Finally, let's think about the influences of the activities of living things upon the simpler universe. As described above, life may be defined as the being that makes the condition of our world more complex and/or makes the future of our world uncertain through our continuous activities in everyday life and developments. Until recently, the field of activities of identified living things has been limited on the Earth but it began gradually expanding to its neighboring satellites, asteroids, and planets with the development of space by the most advanced living thing on the Earth, that is mankind, in the middle of the twentieth century. In the future, the territory of life may expand all over our solar system, other solar systems, or further. With the expansion of our territory, the sphere of either complexity or uncertainty will grow as if it's harming our simple and beautiful universe, taking an objective view. From my point of view, we are making our world more interesting and more convenient, but taking short-term perspectives is more dangerous.
Thinking about what the real meaning of life had sometimes interested me in my school days and it still has interested me on very rare occasions after graduations. A strange visit of a raptor to the roof of our house last Sunday motivated me to think about it only for a short time after a long silence. Although this consideration doesn't offer any clear answer to the question raised last week, I now successfully convince myself that that's "just a mere coincidence". The probability that a large raptor flew down on the roof of our house about half a day after my writing about the F22 Raptor in my diary may be small but it just happened by chance. It shouldn't be predetermined long before.
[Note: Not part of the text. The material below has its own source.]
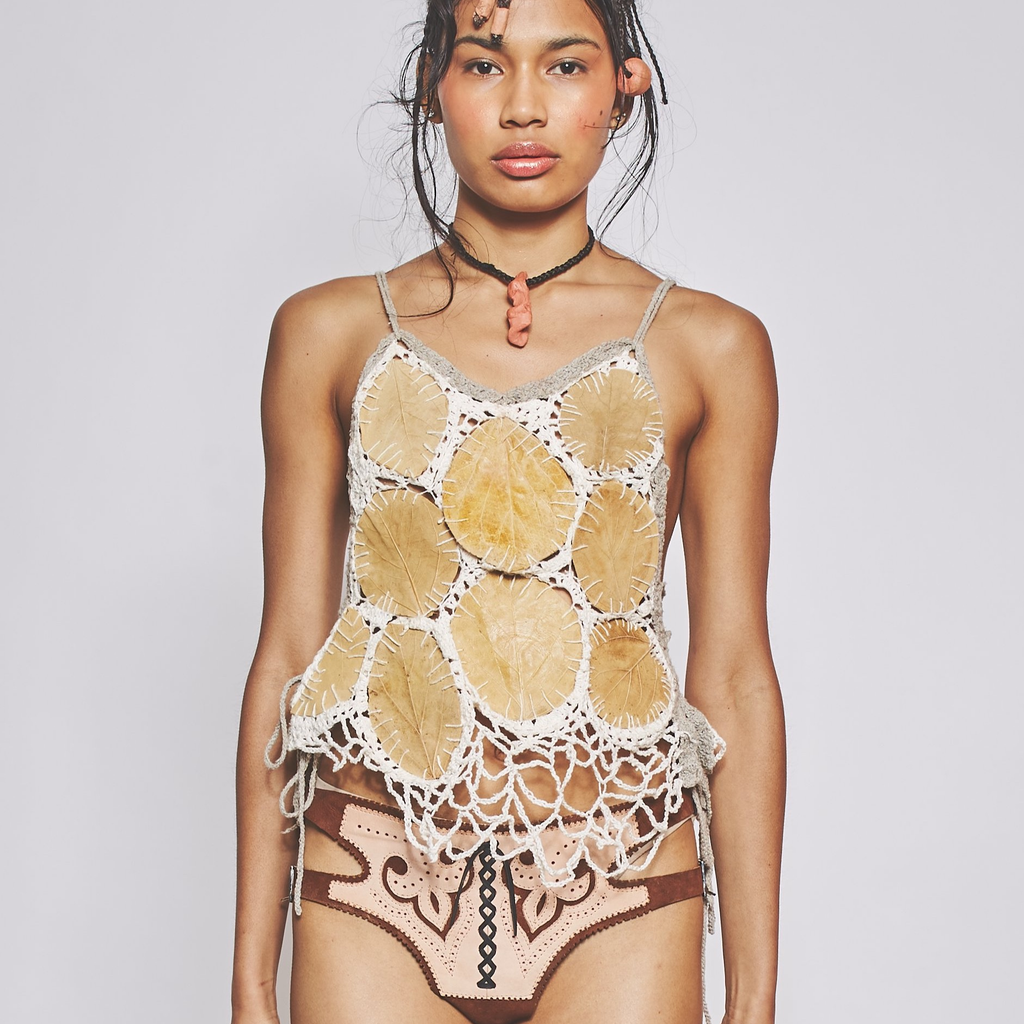 Patchwork crochet top with natural Cerrado leaves and recycled cotton.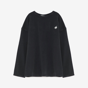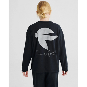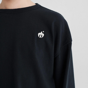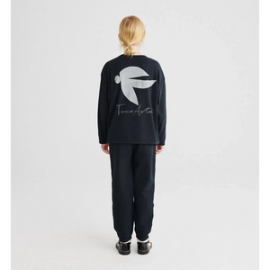 T-shirt no. 02 in black is made from 100% organic cotton. It has an embroidered bird logo on the chest and a large bird print on the back. It has a loose fit, a round neckline and long sleeves.

BTW, a religious person may say that an unknown origin of the uncertainty in our macroscopic world should be associated with God's will.
During dinner, as a joke, my wife said that my electroencephalogram may have attracted a raptor on that day. Some animals might have a well-developed system to sense the electroencephalogram.

Today's maximum temperature is 97 degrees F (36.1 degrees C). It's cloudy for the entire day.


Sunday, August 14, 2011
Got up at eight-fifteen in the morning. Ate a bowl of rice porridge for lunch, and a dish of Italian pasta for dinner. Went out shopping at grocery stores this evening.

I have experience with computer simulations. About seven years ago, a guy asked me how I had learned the simulations specialized for the development of semiconductor devices. In order to avoid any confusion by others, the following tells that again:
What I majored in at an undergraduate school and a graduate school are solid-state physics and materials science mainly. Both the basis of my knowledge and the way to learn the academic matters were acquired with mostly readings when I was at universities. After obtaining a position in a manufacturer of wireless communications, electronic systems, and semiconductors, I studied applied physics for semiconductor devices and processes by myself reading a number of textbooks and technical papers in my free time. In Japan, there was an opportunity to attend a class that was held by a software vendor and supplemented with tutorials and examples. In the US, I learned how to use the other simulators by reading their user manuals and the two Japanese books dealing with the basis of the simulations. Both the user's manuals and the books present many technical papers as references. Those technical papers referred to in the user manuals and the books also make references to other technical papers. Reading the interesting technical papers chosen among those references is what I had mostly done to acquire the knowledge necessary to use the simulations efficiently for the development of semiconductor devices in the late 1990s. That's all there is to tell.

Today's maximum temperature is 105 degrees F (40.6 degrees C).


Monday, August 15, 2011
Got up at seven forty-five in the morning. Ate a bowl of noodle soup for lunch. Looked after our yards this evening. Ate a Japanese one-pot meal for dinner.

Today's maximum temperature is 105 degrees F (40.6 degrees C).


Tuesday, August 16, 2011
Got up at seven forty-five in the morning. Ate a bowl of rice porridge for lunch, and a Japanese meal for dinner.

Today's maximum temperature is 104 degrees F (40 degrees C).


Wednesday, August 17, 2011
Got up at eight-fifteen in the morning. Ate a bowl of noodle soup for lunch, and a dish of Italian pasta for dinner.

Today's maximum temperature is 103 degrees F (39.4 degrees C).


Thursday, August 18, 2011
Got up at seven forty-five in the morning. Ate a bowl of rice porridge for lunch, and a Japanese meal for dinner.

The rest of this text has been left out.